Зоров, окинул взглядом наполняющийся людьми зал, сказал:
— Пошли отсюда, не дадут. Поговорим где-нибудь в другом месте. У меня дома сейчас кавардак — ребенок без конца орет, жена на взводе, от тещи покоя нет. Я не могу тебя привести к себе.
Мы вышли из кафе, и пошли по улице.
— Я, не родной сын Филиппа Григорьевича, — продолжил Алексей. — Да ты, наверное, это заметил, хотя бы по его отношению ко мне, там за столом.
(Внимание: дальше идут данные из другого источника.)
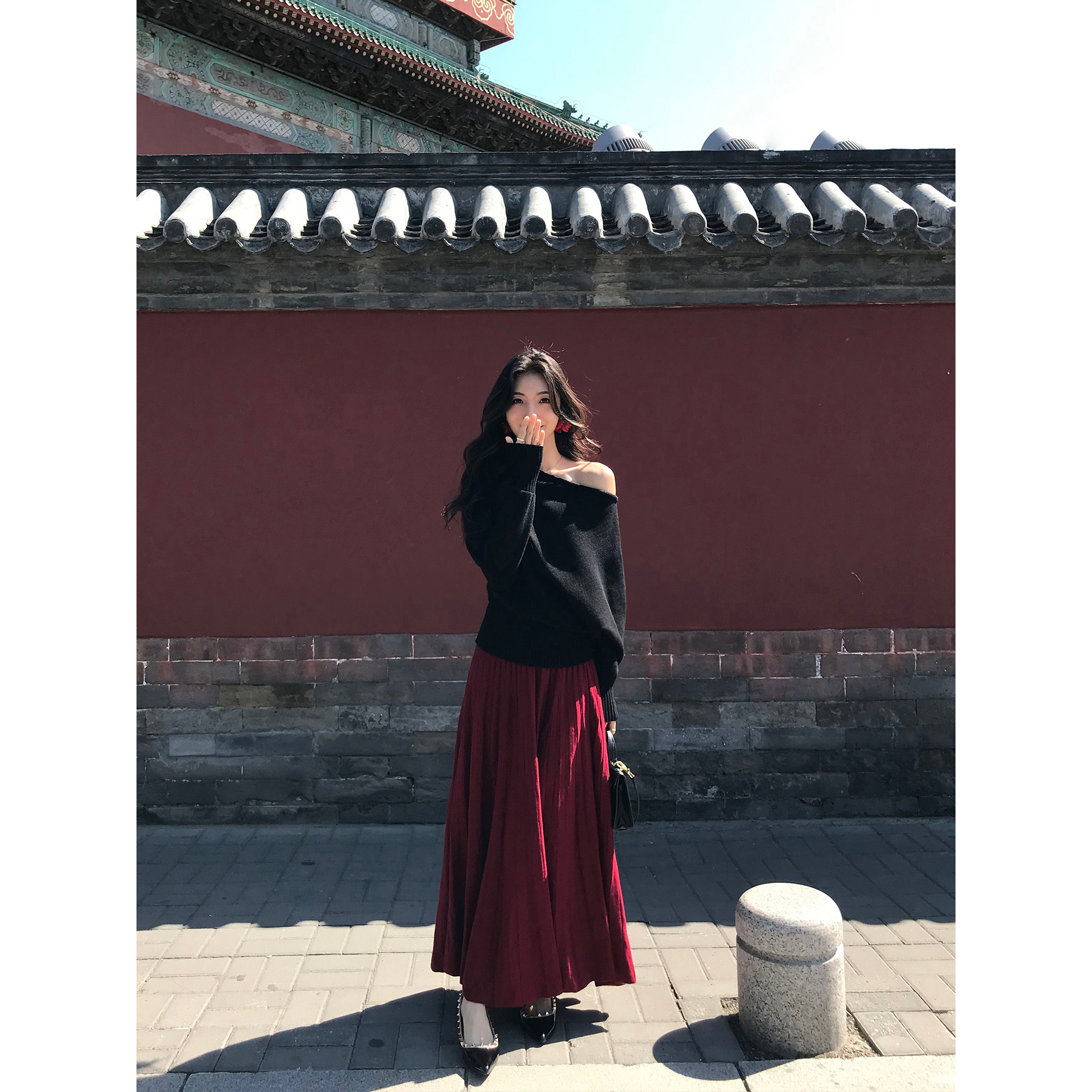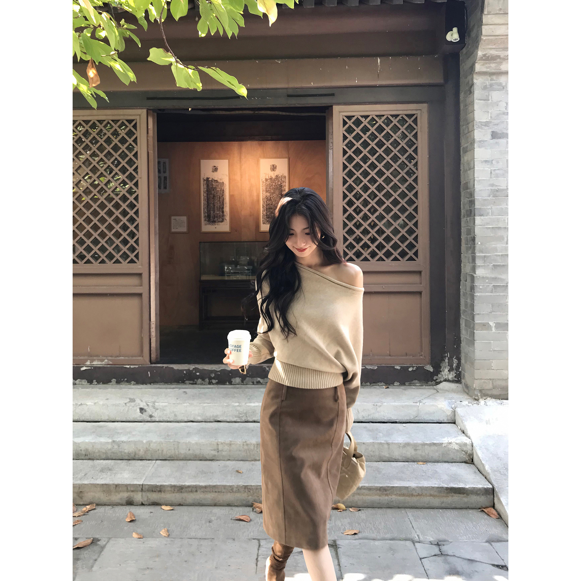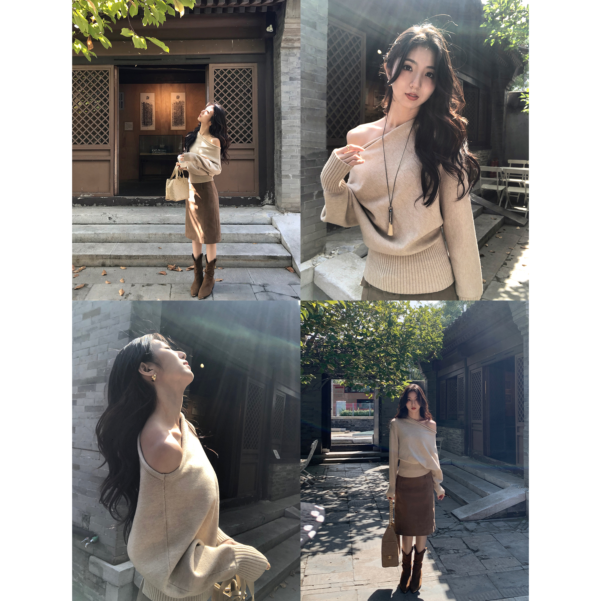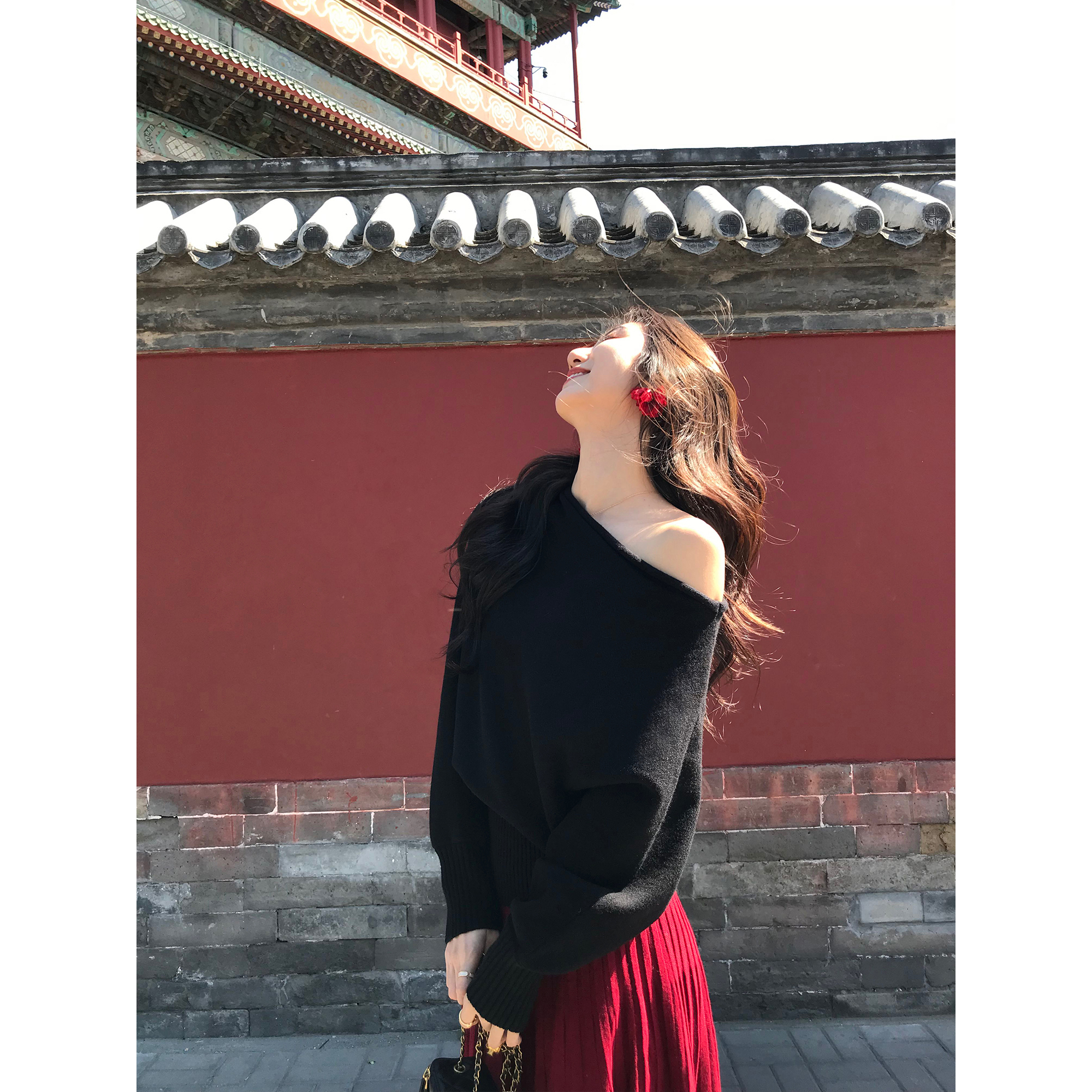 MULVAN 老钱taste 慵懒风气质斜肩针织衫女蝙蝠袖宽松露肩毛衣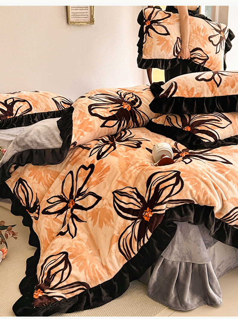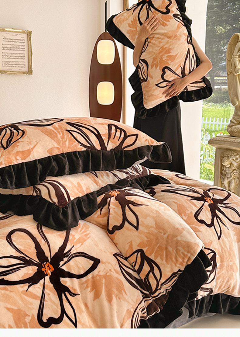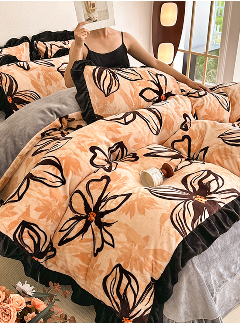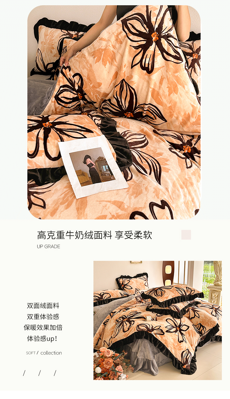 佳一 2025新款高克重8-9斤 印花牛奶绒四件套 花样情怀,花样情怀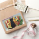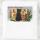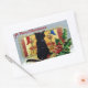 Vintage Merry Christmas Kitten Fireplace Holly Rectangular Sticker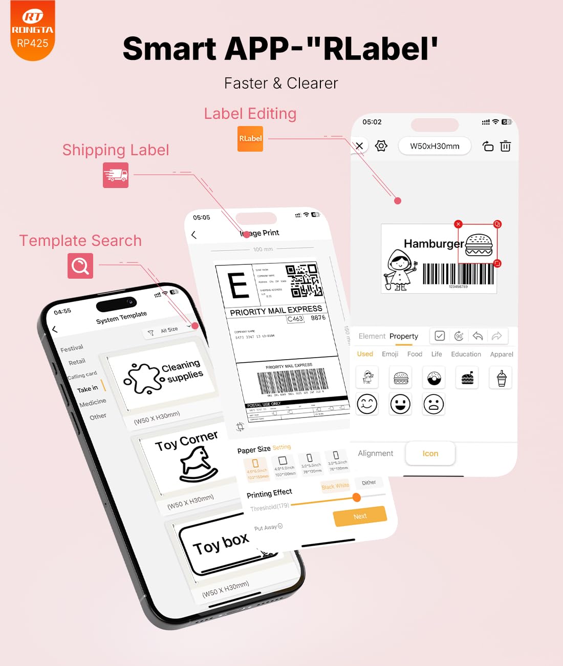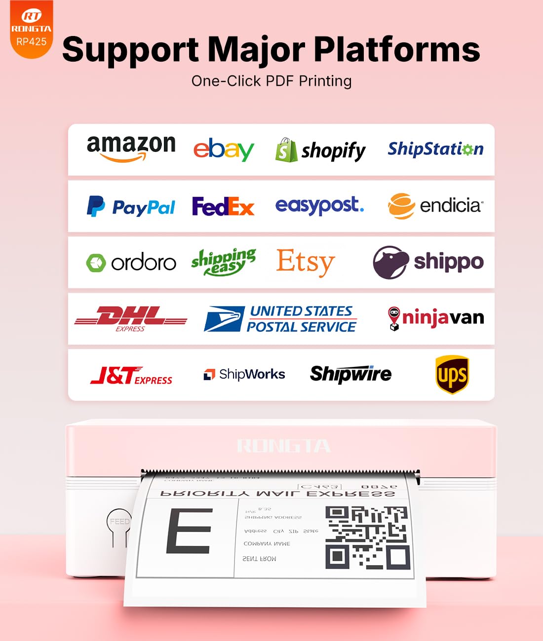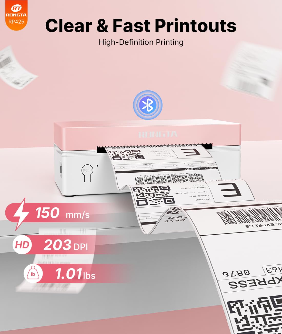 Rongta 4x6 Bluetooth Thermal Label Printer, Wireless Shipping Label Printers for Shipping Packages Small Business Office or Home, Compatible with iPhone Android iPad macOS Windows, Pink

Он мне всего на всего отчим. Мой отец пропал без вести на войне. Филипп Григорьевич с моей матерью Марией Федоровной встретился случайно. Он возвращался с фронта, и его друг-однополчанин из нашего поселка, уговорил заехать к себе в гости. Филипп Григорьевич заехал, рассчитывал побыть дня два-три, но задержался. — Алексей потер лоб, скривился и выдал:
— До сих пор никак не уедет. Я с ним часто ссорюсь. Он меня с детства не любит. У него любименькая — это моя сестра Светлана. — Парень замолчал. Мы шли вдоль улицы. Я ничего не замечал и подобно Алексею, когда он выходил из проходной — смотрел на землю, под ноги. Алексей раскрывал мне глаза.
— Я не обижаюсь на свою сестру. Она здесь ни причем. Виноват во всем Филипп Григорьевич. Он сам мучается, где-то далеко в Башкирии у него осталась семья, и нас мучает, помолчал, затем продолжил: — Я, если бы только имел силу, как у тебя, — Зоров на мгновенье отшатнулся от меня, всего осмотрел и продолжил, — давно бы его выгнал. Пусть катиться к себе на родину, к Аллаху или же ко всем чертям. Нечего ему здесь у нас делать. Мы без него жили бы лучше. А так, разве я, живу? — задал вопрос Алексей и тут же ответил:
— Нет! Думал, что меня спасет семья — вот женился. Не спасла. Хреново все, — слова он не выбирал. — Порой прямо невмоготу. Давно бы удавился. Но баба Паша будет плакать. Еще мать. Но она больше. Одно спасает. Я беру ноги в руки и в магазин. Затем — «наклюкаюсь» и мне легче.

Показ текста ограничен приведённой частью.